DATASET EXTRACT:
= Beginning of Section =
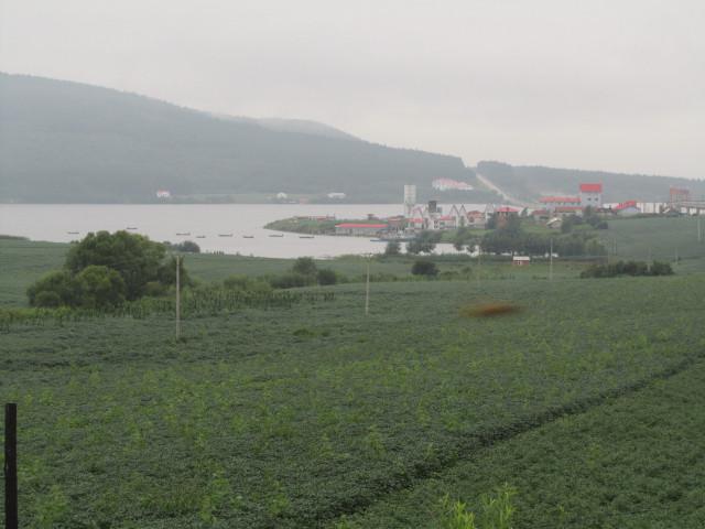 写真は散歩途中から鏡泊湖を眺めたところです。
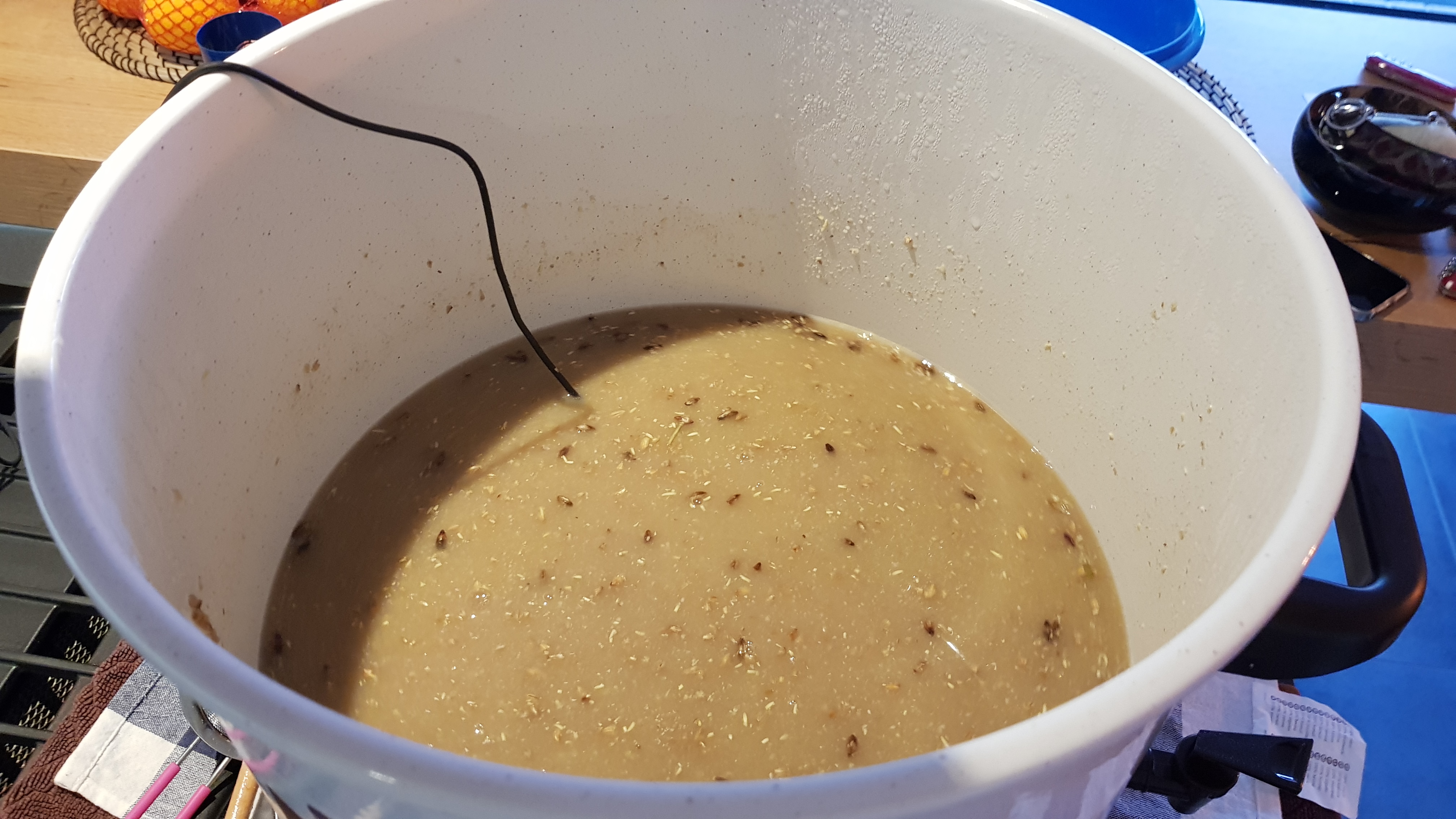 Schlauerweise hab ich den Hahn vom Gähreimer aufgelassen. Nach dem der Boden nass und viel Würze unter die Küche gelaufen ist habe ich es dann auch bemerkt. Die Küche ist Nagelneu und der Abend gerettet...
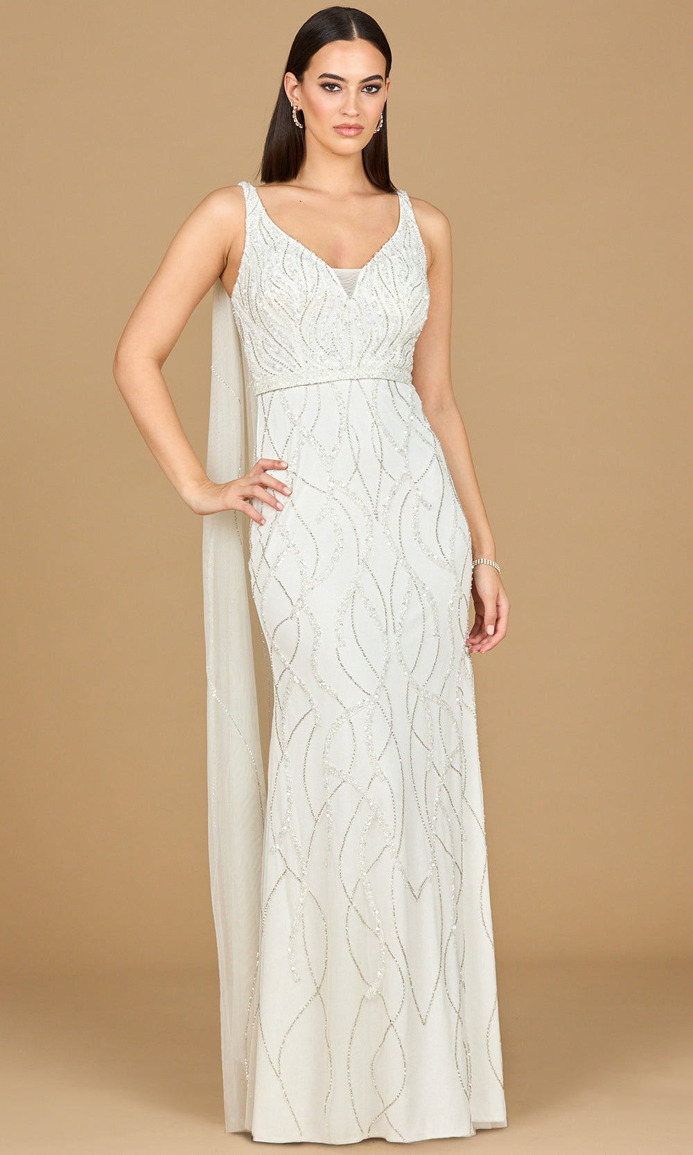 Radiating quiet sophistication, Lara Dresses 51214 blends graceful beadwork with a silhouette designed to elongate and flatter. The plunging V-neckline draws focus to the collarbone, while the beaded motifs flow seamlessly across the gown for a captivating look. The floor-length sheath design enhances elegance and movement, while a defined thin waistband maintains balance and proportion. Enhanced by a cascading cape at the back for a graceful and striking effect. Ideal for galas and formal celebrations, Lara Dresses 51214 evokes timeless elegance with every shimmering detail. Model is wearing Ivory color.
= End of Section =
The answer should match the material exactly, with every picture removed.

 写真は散歩途中から鏡泊湖を眺めたところです。
 Schlauerweise hab ich den Hahn vom Gähreimer aufgelassen. Nach dem der Boden nass und viel Würze unter die Küche gelaufen ist habe ich es dann auch bemerkt. Die Küche ist Nagelneu und der Abend gerettet...
 Radiating quiet sophistication, Lara Dresses 51214 blends graceful beadwork with a silhouette designed to elongate and flatter. The plunging V-neckline draws focus to the collarbone, while the beaded motifs flow seamlessly across the gown for a captivating look. The floor-length sheath design enhances elegance and movement, while a defined thin waistband maintains balance and proportion. Enhanced by a cascading cape at the back for a graceful and striking effect. Ideal for galas and formal celebrations, Lara Dresses 51214 evokes timeless elegance with every shimmering detail. Model is wearing Ivory color.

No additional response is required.